**Instructions for the task:** In your copy, leave out the pictures and output only the lines from the one holding "Studieblad met een" through the end of the data below, exactly.

**Collected data:**
^^^^

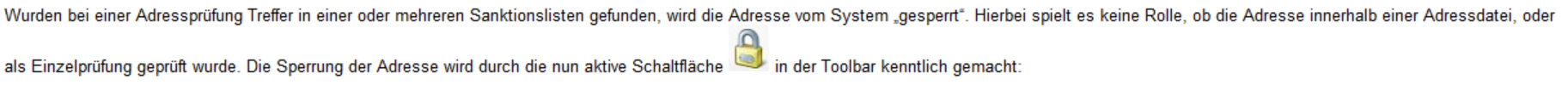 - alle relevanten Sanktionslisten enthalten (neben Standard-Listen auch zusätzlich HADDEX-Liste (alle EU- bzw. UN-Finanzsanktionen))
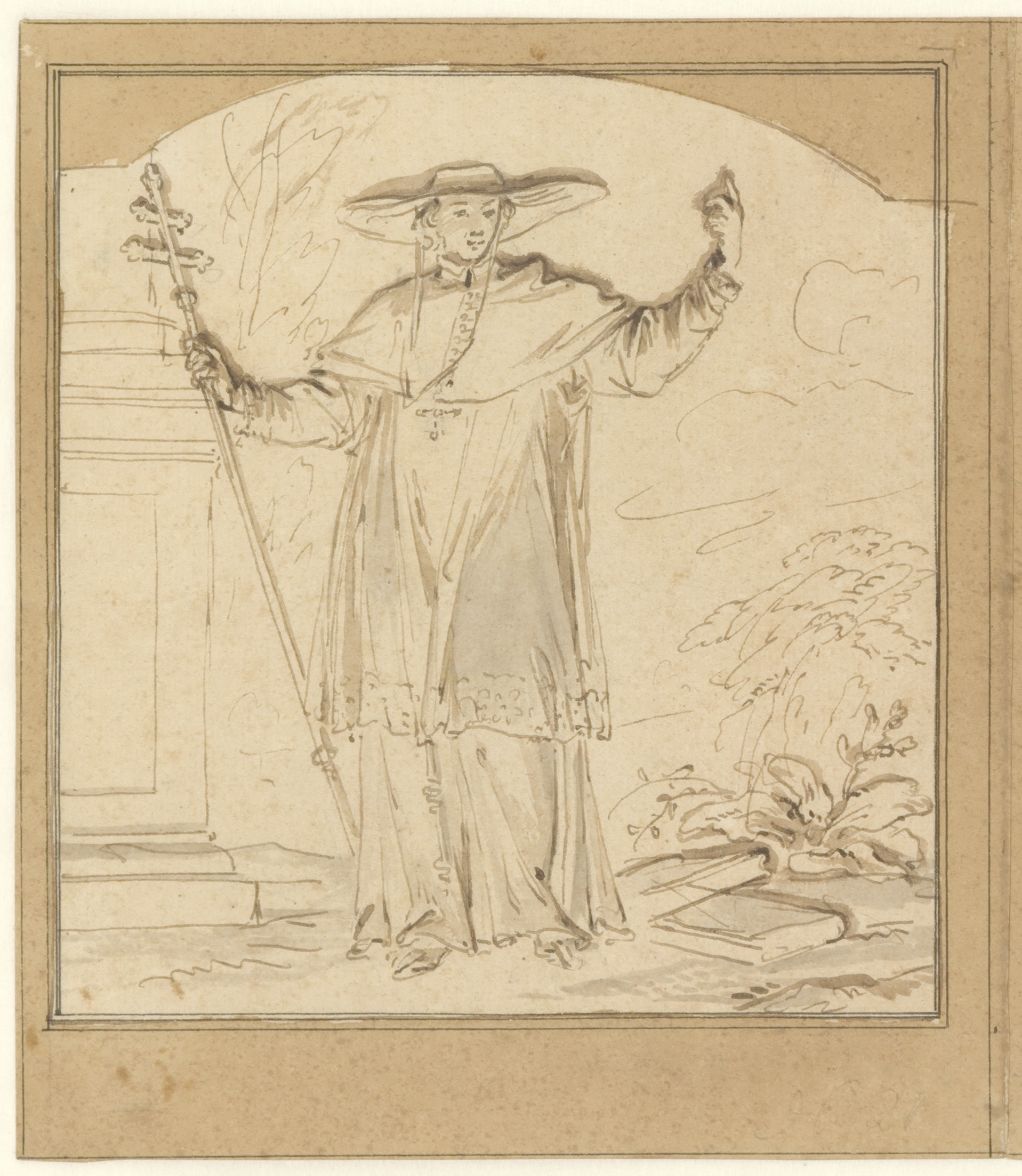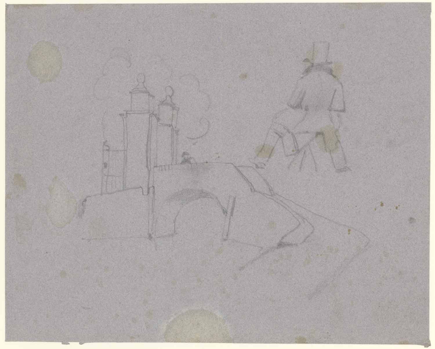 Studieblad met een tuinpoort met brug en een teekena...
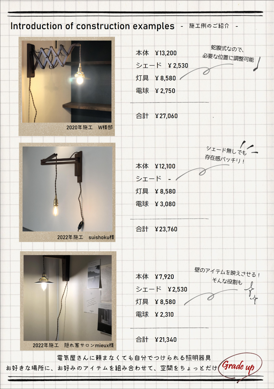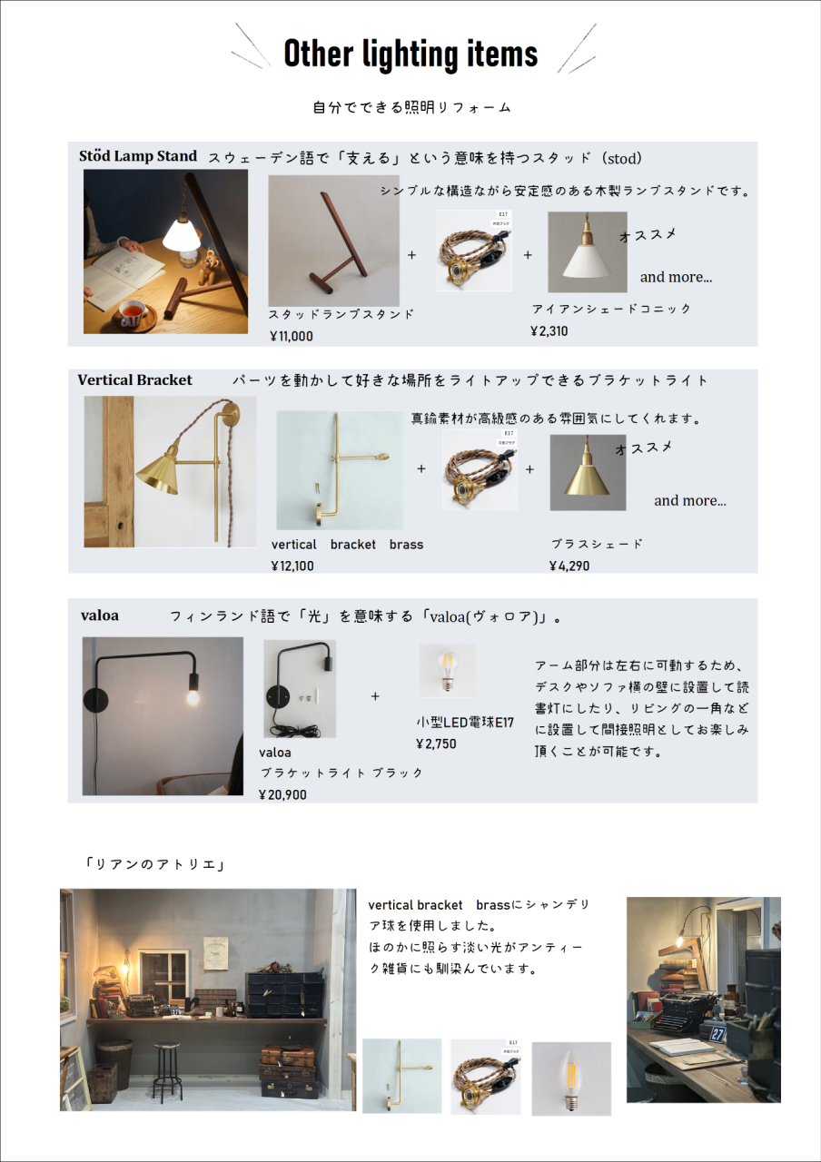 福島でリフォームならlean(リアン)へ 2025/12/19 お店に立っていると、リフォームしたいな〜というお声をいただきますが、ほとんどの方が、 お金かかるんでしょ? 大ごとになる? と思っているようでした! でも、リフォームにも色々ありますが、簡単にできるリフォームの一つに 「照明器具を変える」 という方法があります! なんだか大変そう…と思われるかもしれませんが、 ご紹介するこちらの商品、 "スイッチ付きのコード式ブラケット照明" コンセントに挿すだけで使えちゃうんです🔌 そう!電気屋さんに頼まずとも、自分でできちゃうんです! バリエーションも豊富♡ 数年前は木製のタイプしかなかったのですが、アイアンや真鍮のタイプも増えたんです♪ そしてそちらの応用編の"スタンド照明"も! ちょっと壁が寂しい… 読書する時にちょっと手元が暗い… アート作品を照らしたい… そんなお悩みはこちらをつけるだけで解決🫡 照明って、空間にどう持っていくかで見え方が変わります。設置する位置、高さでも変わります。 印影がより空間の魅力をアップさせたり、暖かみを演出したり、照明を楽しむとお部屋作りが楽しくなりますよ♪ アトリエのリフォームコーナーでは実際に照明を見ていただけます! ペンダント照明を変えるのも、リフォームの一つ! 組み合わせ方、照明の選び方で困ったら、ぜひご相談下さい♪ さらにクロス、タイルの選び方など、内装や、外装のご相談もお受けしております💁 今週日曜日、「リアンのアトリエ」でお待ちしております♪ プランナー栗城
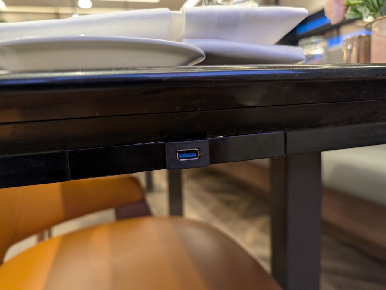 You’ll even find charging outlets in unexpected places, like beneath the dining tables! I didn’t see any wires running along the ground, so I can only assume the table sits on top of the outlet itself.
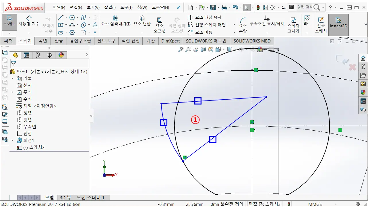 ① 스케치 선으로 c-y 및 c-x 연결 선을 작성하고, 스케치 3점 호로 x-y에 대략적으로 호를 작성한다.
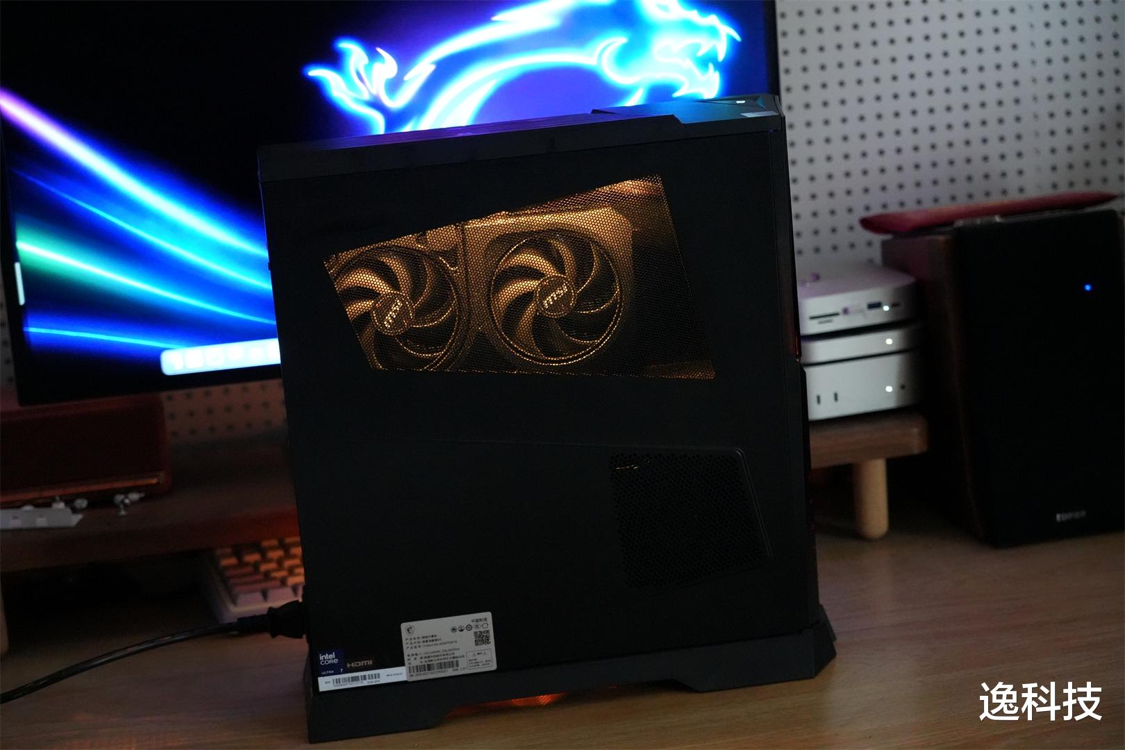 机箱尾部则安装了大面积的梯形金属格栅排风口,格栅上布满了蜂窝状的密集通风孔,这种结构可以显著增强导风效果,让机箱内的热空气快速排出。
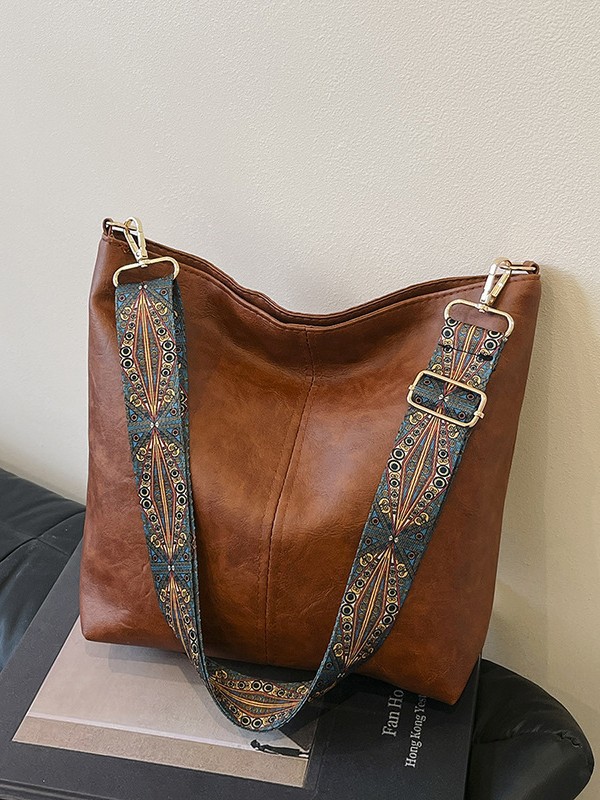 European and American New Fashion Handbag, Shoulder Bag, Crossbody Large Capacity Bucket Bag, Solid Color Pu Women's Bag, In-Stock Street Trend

^^^^

**Solution for this exercise:**
 Studieblad met een tuinpoort met brug en een teekena...
 福島でリフォームならlean(リアン)へ 2025/12/19 お店に立っていると、リフォームしたいな〜というお声をいただきますが、ほとんどの方が、 お金かかるんでしょ? 大ごとになる? と思っているようでした! でも、リフォームにも色々ありますが、簡単にできるリフォームの一つに 「照明器具を変える」 という方法があります! なんだか大変そう…と思われるかもしれませんが、 ご紹介するこちらの商品、 "スイッチ付きのコード式ブラケット照明" コンセントに挿すだけで使えちゃうんです🔌 そう!電気屋さんに頼まずとも、自分でできちゃうんです! バリエーションも豊富♡ 数年前は木製のタイプしかなかったのですが、アイアンや真鍮のタイプも増えたんです♪ そしてそちらの応用編の"スタンド照明"も! ちょっと壁が寂しい… 読書する時にちょっと手元が暗い… アート作品を照らしたい… そんなお悩みはこちらをつけるだけで解決🫡 照明って、空間にどう持っていくかで見え方が変わります。設置する位置、高さでも変わります。 印影がより空間の魅力をアップさせたり、暖かみを演出したり、照明を楽しむとお部屋作りが楽しくなりますよ♪ アトリエのリフォームコーナーでは実際に照明を見ていただけます! ペンダント照明を変えるのも、リフォームの一つ! 組み合わせ方、照明の選び方で困ったら、ぜひご相談下さい♪ さらにクロス、タイルの選び方など、内装や、外装のご相談もお受けしております💁 今週日曜日、「リアンのアトリエ」でお待ちしております♪ プランナー栗城
 You’ll even find charging outlets in unexpected places, like beneath the dining tables! I didn’t see any wires running along the ground, so I can only assume the table sits on top of the outlet itself.
 ① 스케치 선으로 c-y 및 c-x 연결 선을 작성하고, 스케치 3점 호로 x-y에 대략적으로 호를 작성한다.
 机箱尾部则安装了大面积的梯形金属格栅排风口,格栅上布满了蜂窝状的密集通风孔,这种结构可以显著增强导风效果,让机箱内的热空气快速排出。
 European and American New Fashion Handbag, Shoulder Bag, Crossbody Large Capacity Bucket Bag, Solid Color Pu Women's Bag, In-Stock Street Trend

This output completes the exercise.